Work request:
Return each line exactly, from the one that has "22.43 A la Comunitat" through the end of the entries, both ends included. Pictures do not belong.

Stored data:

• • • •

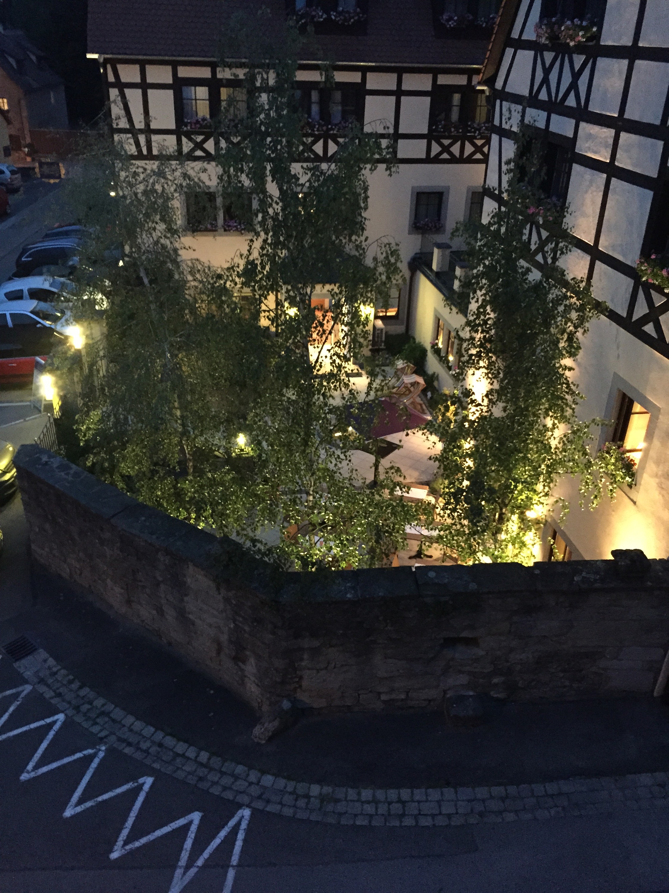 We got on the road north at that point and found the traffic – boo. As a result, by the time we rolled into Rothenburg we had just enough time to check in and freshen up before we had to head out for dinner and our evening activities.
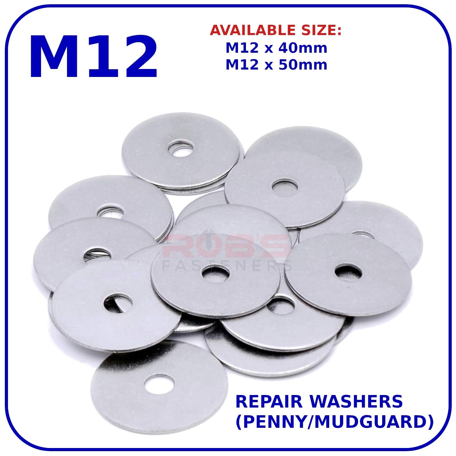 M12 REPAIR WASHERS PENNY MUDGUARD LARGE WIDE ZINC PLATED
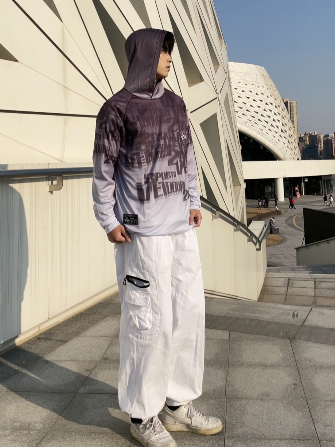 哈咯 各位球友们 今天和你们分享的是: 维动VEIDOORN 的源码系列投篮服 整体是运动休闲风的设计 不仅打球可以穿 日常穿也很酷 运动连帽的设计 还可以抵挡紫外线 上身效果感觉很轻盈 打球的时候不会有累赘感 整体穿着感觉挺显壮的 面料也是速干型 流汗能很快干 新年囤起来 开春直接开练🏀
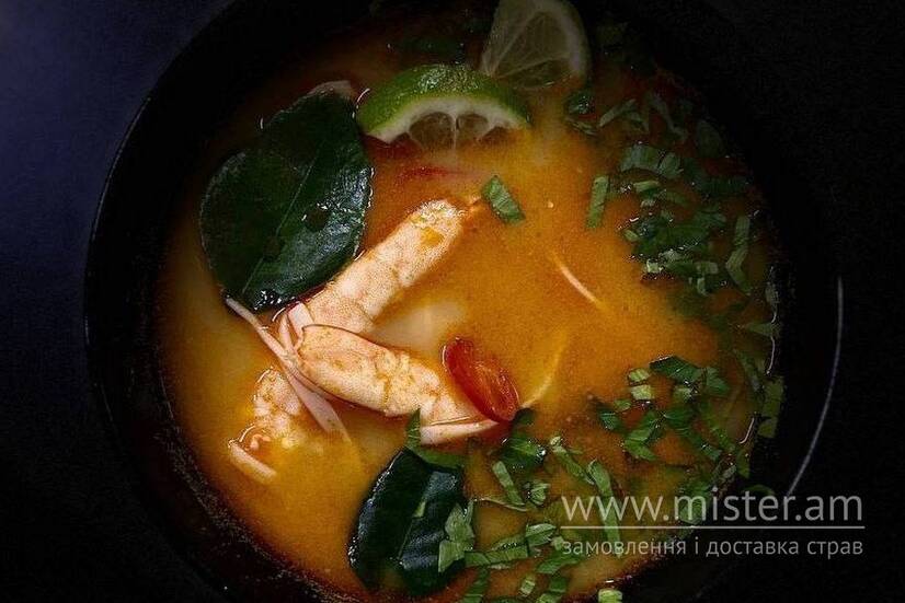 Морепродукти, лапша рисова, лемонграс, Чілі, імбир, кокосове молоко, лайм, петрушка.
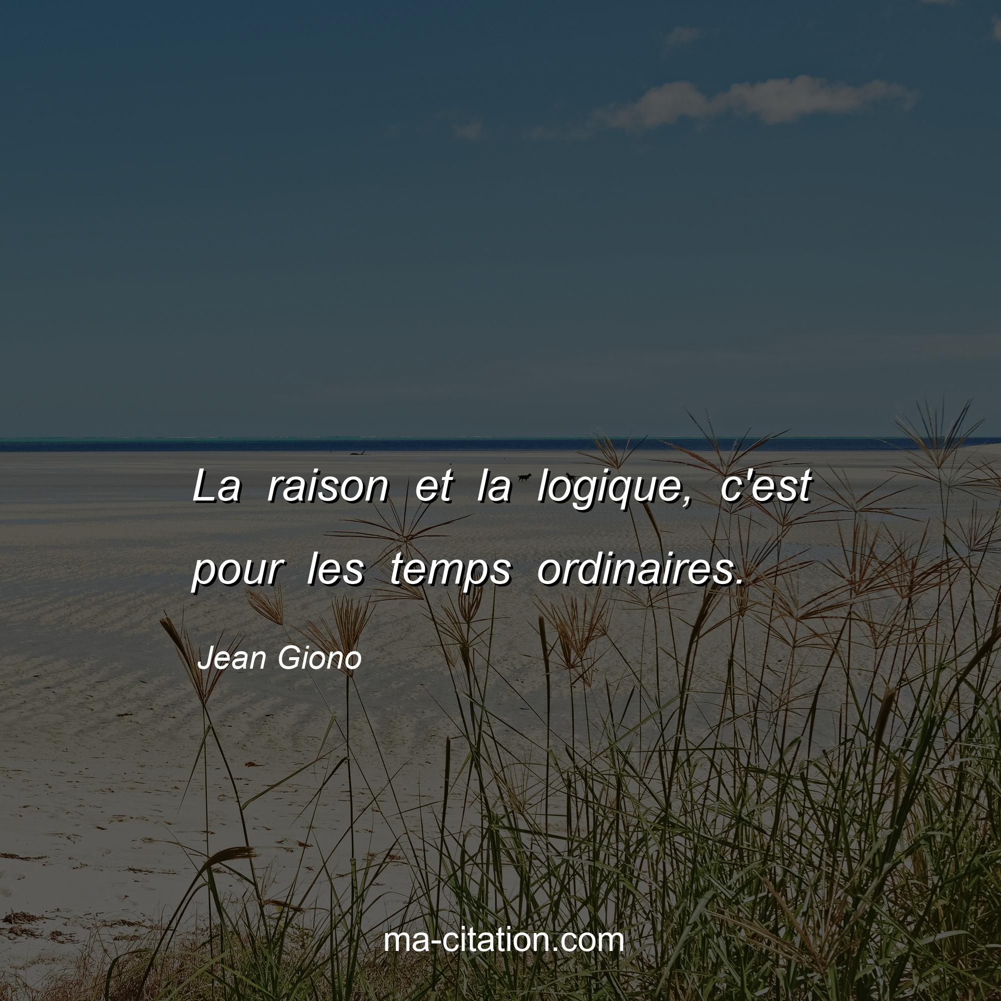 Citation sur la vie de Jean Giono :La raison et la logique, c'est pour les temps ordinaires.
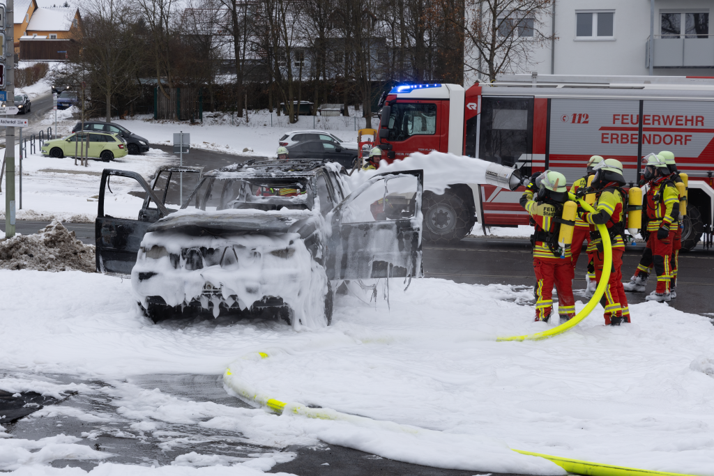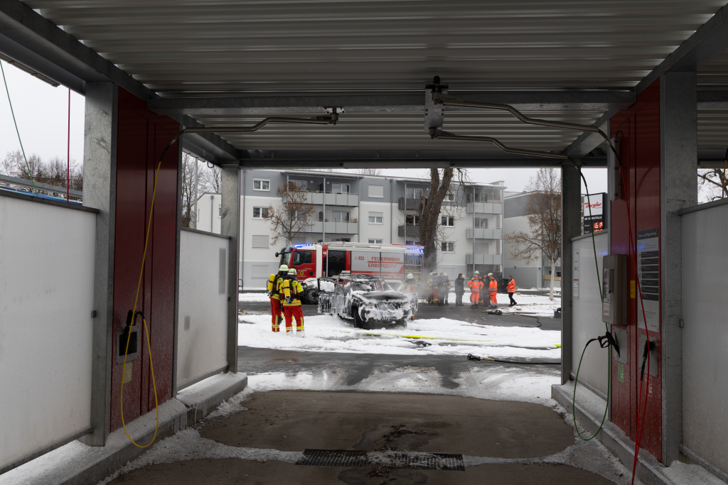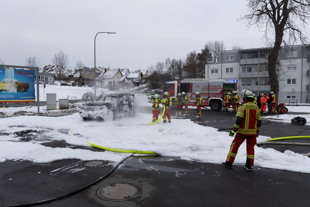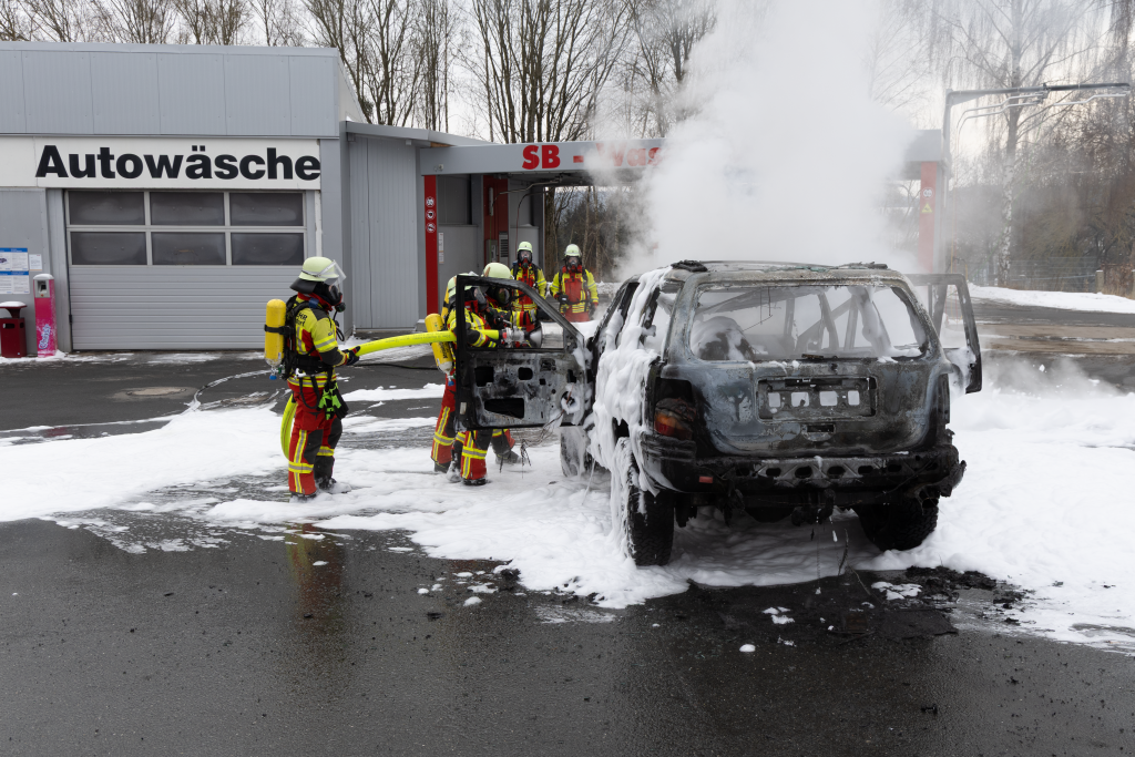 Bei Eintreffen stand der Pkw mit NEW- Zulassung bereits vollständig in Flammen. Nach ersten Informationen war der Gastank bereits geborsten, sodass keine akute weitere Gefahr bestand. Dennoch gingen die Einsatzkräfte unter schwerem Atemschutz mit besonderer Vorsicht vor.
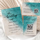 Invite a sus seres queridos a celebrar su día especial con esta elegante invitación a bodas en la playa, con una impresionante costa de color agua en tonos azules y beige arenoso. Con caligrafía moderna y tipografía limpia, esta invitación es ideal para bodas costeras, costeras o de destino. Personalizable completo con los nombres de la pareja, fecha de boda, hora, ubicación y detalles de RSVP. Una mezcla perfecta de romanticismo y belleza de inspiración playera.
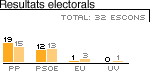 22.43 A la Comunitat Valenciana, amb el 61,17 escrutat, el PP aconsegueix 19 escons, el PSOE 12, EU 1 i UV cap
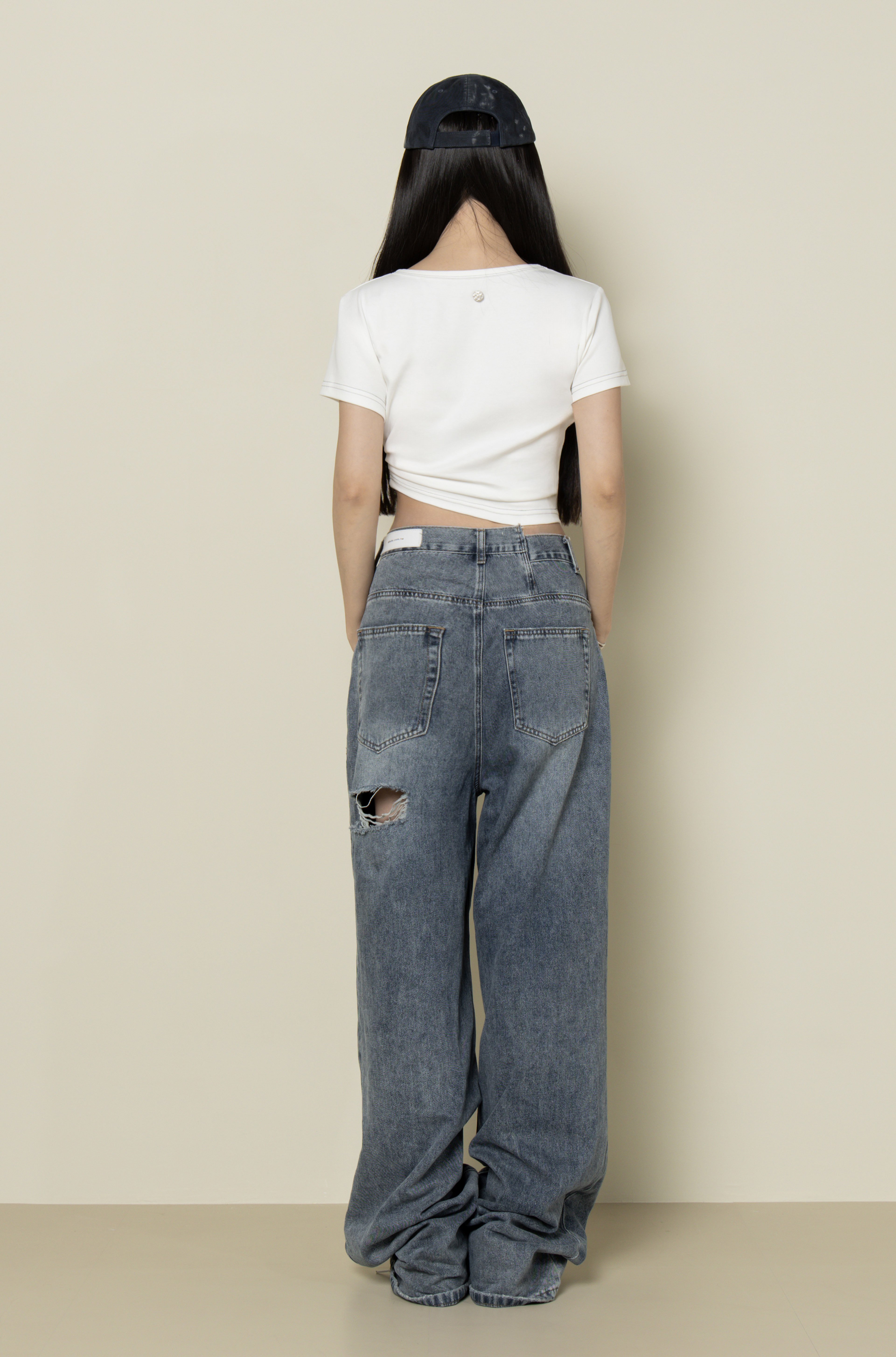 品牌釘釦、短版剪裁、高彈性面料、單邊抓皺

• • • •

Solution for this exercise:
 22.43 A la Comunitat Valenciana, amb el 61,17 escrutat, el PP aconsegueix 19 escons, el PSOE 12, EU 1 i UV cap
 品牌釘釦、短版剪裁、高彈性面料、單邊抓皺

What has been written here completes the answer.